Storm smiled, feeling comfort in the fact that her family bond was strong enough that even those who controlled life itself have taken notice.
"Wait...right next to Storm's...That's Beel's candle!" Belphie gasped, now terrified of the sight before him.
"Oh god..." Storm's eyes widened. "It looks like it's nearly burned all the way down..."
"At this rate, it looks like it wont last another 10 minutes..." Solomon added sadly, glancing toward Beel. He looked heavily anxious, gripping Storm's hand tightly to try to hold back tears.
"It could go out any minute! What do we do!?" Belphie yelled helplessly, turning to the others for support. Everyone looked amongst each other with uncertainty, unsure of how to fix the fact that the candle had been burned down so low.
"Is...is there a way to summon the reaper here..? To explain what happened and...and apologize..?" Beel whimpered, giving Solomon a pleading look.
"That wont be necessary." Lucifer stated, pushing past Beel, Storm, and Belphie to stand at the front of the table. Picking up his own candle, Lucifer proceeds to pour some of his essence into Beel's.
Storm gasped quietly, almost finding it hard to believe she had seen Lucifer sacrifice some of his own life to his brother. She couldn't imagine any of her living family- even her siblings, which she somewhat got along with- doing anything like that for her if she were in Beel's position. The action saddened her, but also made her admire Lucifer more, knowing that he truly loved his family more than anything in the world.

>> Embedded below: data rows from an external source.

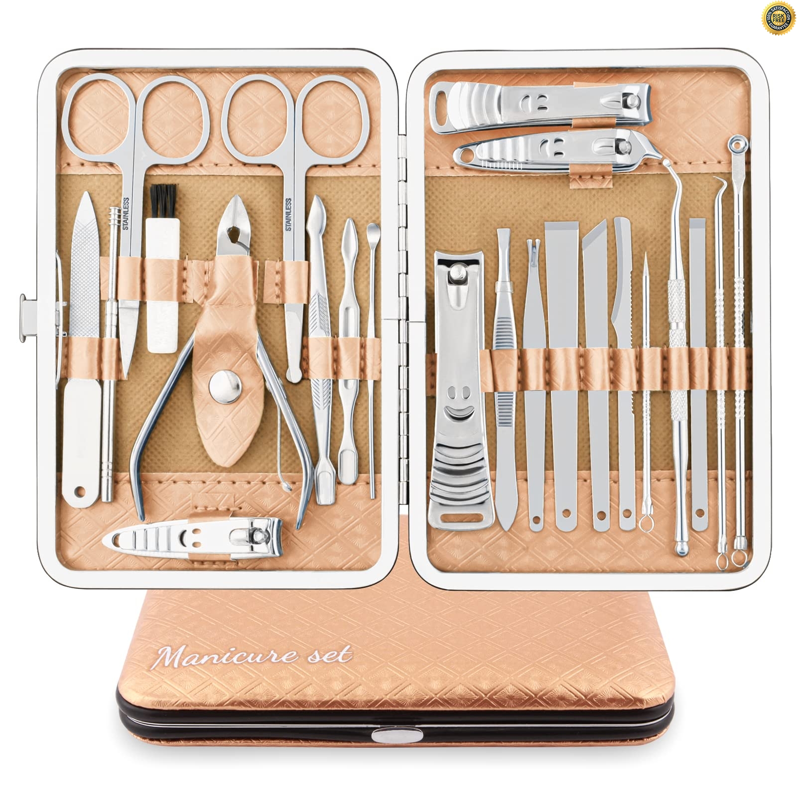 Stylish Design: The black PU leather box is very stylish and full of secrets, the interior stitching is neat and beautiful, and all the tools are made of silver craftsmanship, which is not only exquisite and unique but also looks luxurious. MULTIFUNCTIONAL: The 23-piece professional manicure set, including manicure, pedicure, eyebrow shaping, peeling, acne removal, etc., can meet various grooming needs in your daily life. Perfect as a gift for family and friends on Christmas, birthdays, anniversaries or Halloween. PORTABLE SIZE: As a compact and space-saving nail clipper case, you can take this beauty kit with you and put it in your handbag, car and luggage. An ideal gadget for at home and on the go. DURABLE: The nail art set is made of high-quality stainless steel, rust-proof, sharp and durable, the edge of each tool has been repeatedly polished and polished, and the blade is sharp and comfortable to hold.
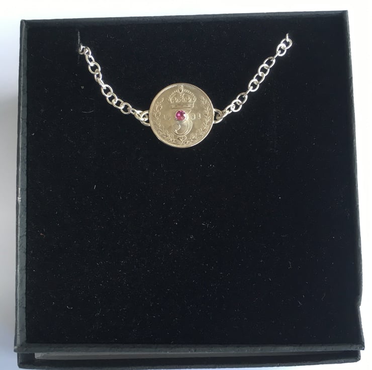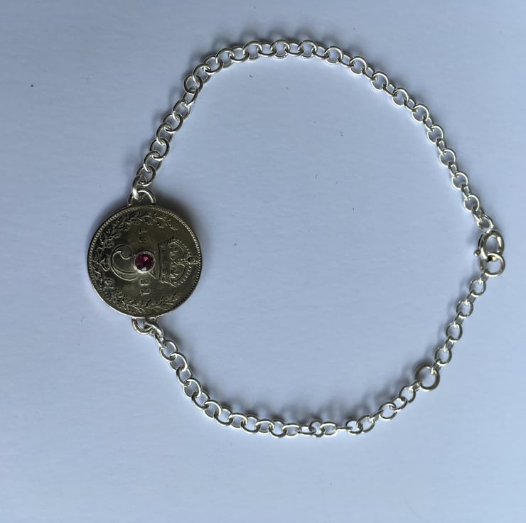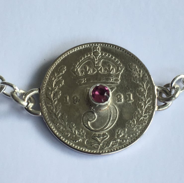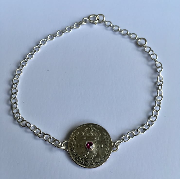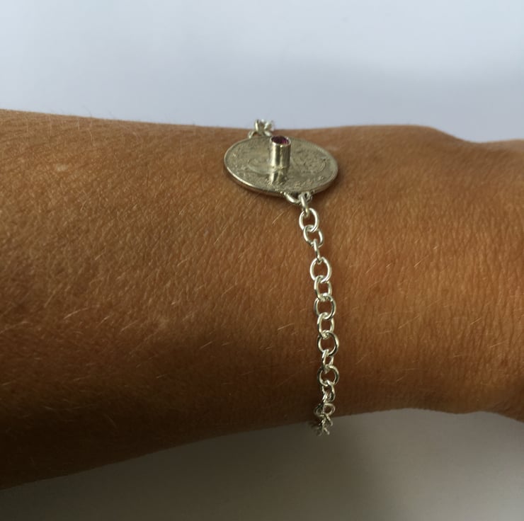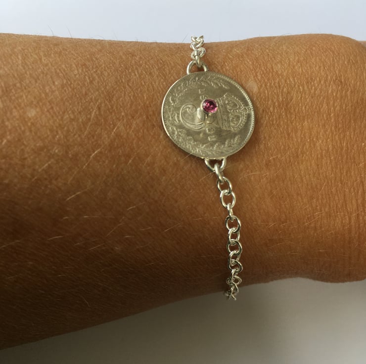 This pretty bracelet has been made using a beautiful fine silver Threepence which has been hand set with a vibrant 2.5 mm faceted Pink Tourmaline . The substantial Sterling silver chain is a 3mm Trace chain, it has two options for length and can be connected at approx 17 or 19 cm.
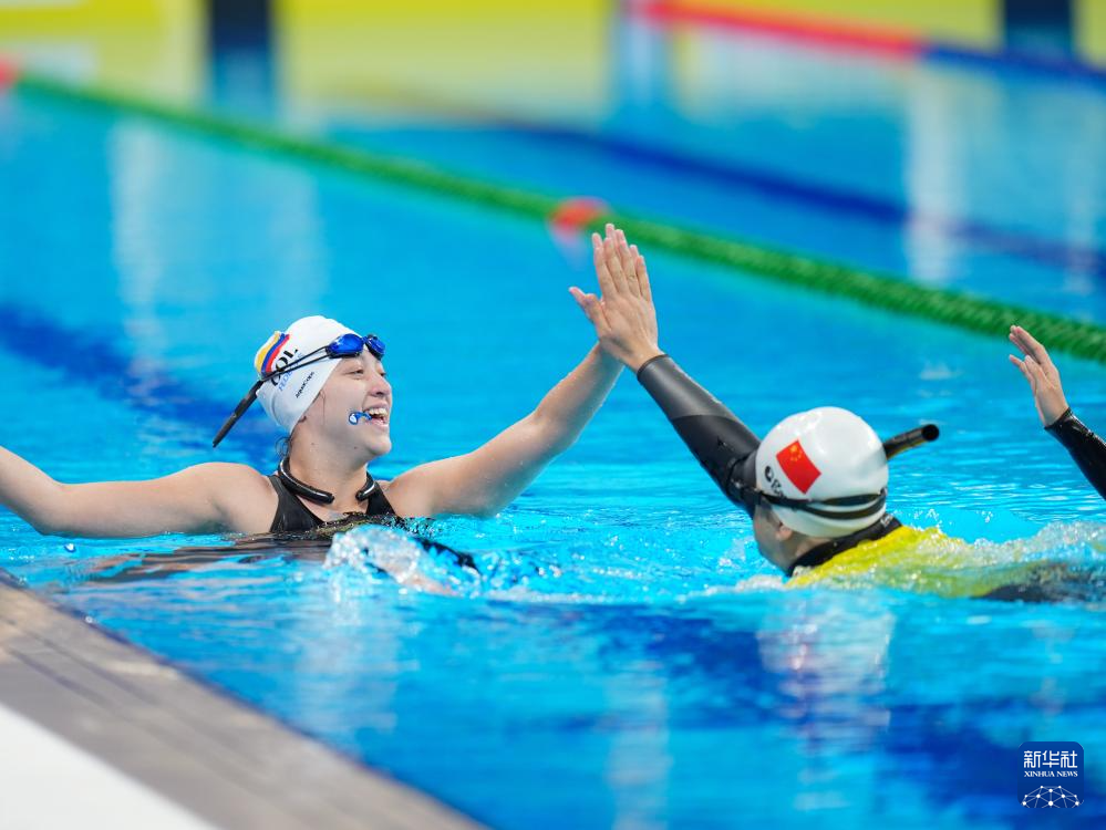 当日,2025年成都世运会自由潜水女子动态无蹼FFS1-FFS2决赛在成都体育学院三岔湖校区游泳馆举行,中国选手黄靖秋以91米的成绩夺冠。
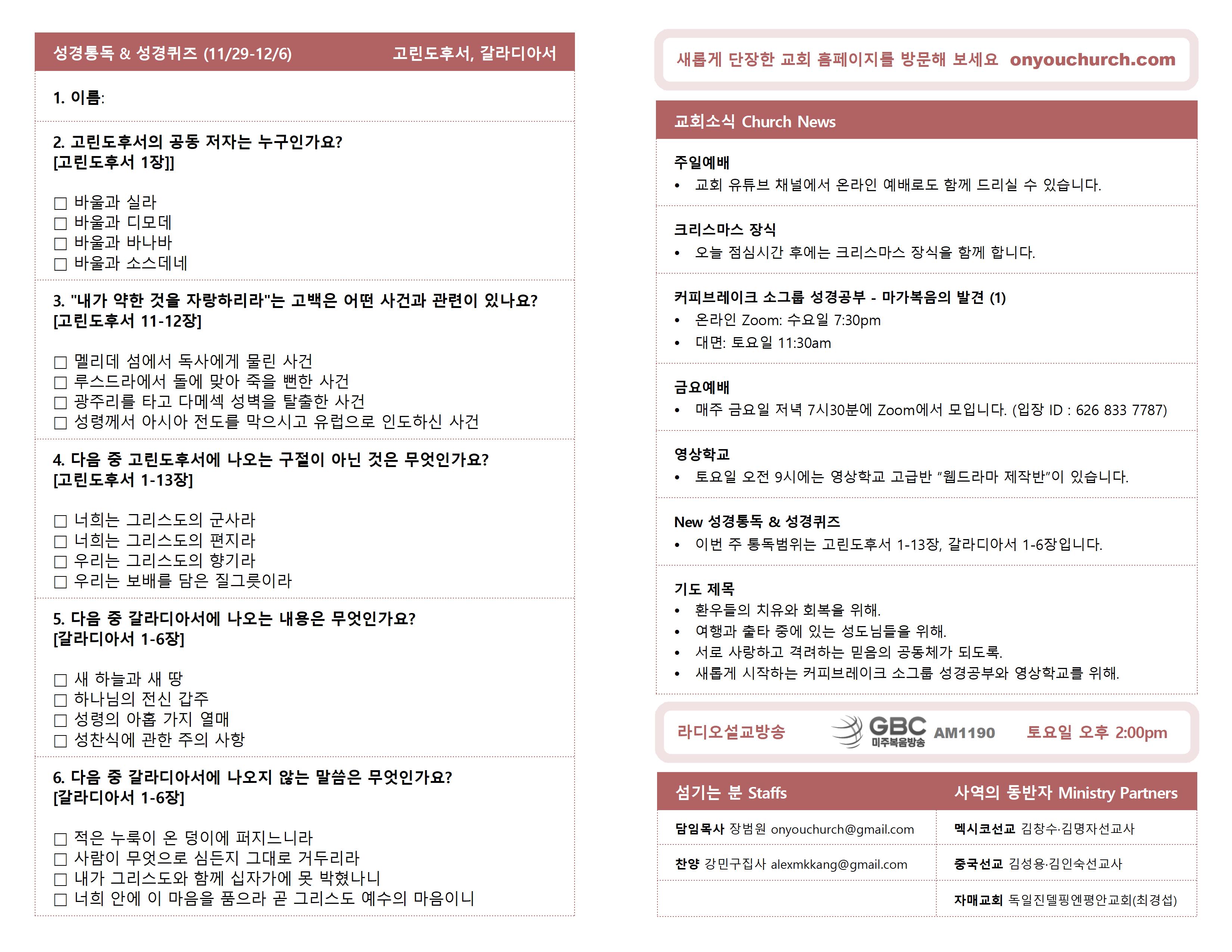 ◼ 이번 주 통독범위는 고린도후서 1-13장, 갈라디아서 1-6장입니다.

"Lucifer, stop!" Beel tried to grab his arm, but was stopped by Solomon. He frowned, looking uneasily at his older brother as he stepped away from the table. Beel's candle now had significantly more height, and While Lucifer's was still the tallest of his brothers, it was now shortened by a significant amount.
Storm looked up at Lucifer, who had a warm smile on his face. He glanced down at her, almost taken aback by the loving look she was giving him.
"Lucifer..." Beel's voice trembled as he tried to keep himself from crying. "Doing that shortens your lifespan...why-"
"What does that matter, Beelzebub?" Lucifer asked softly, pressing a hand gently to his shoulder. "The seven of us have lived for so long, and have an impossibly long life ahead of us as well. I can certainly spare some of my own to allow us to remain together throughout that long road. In the grand scheme of things, it is merely just a drop in the ocean."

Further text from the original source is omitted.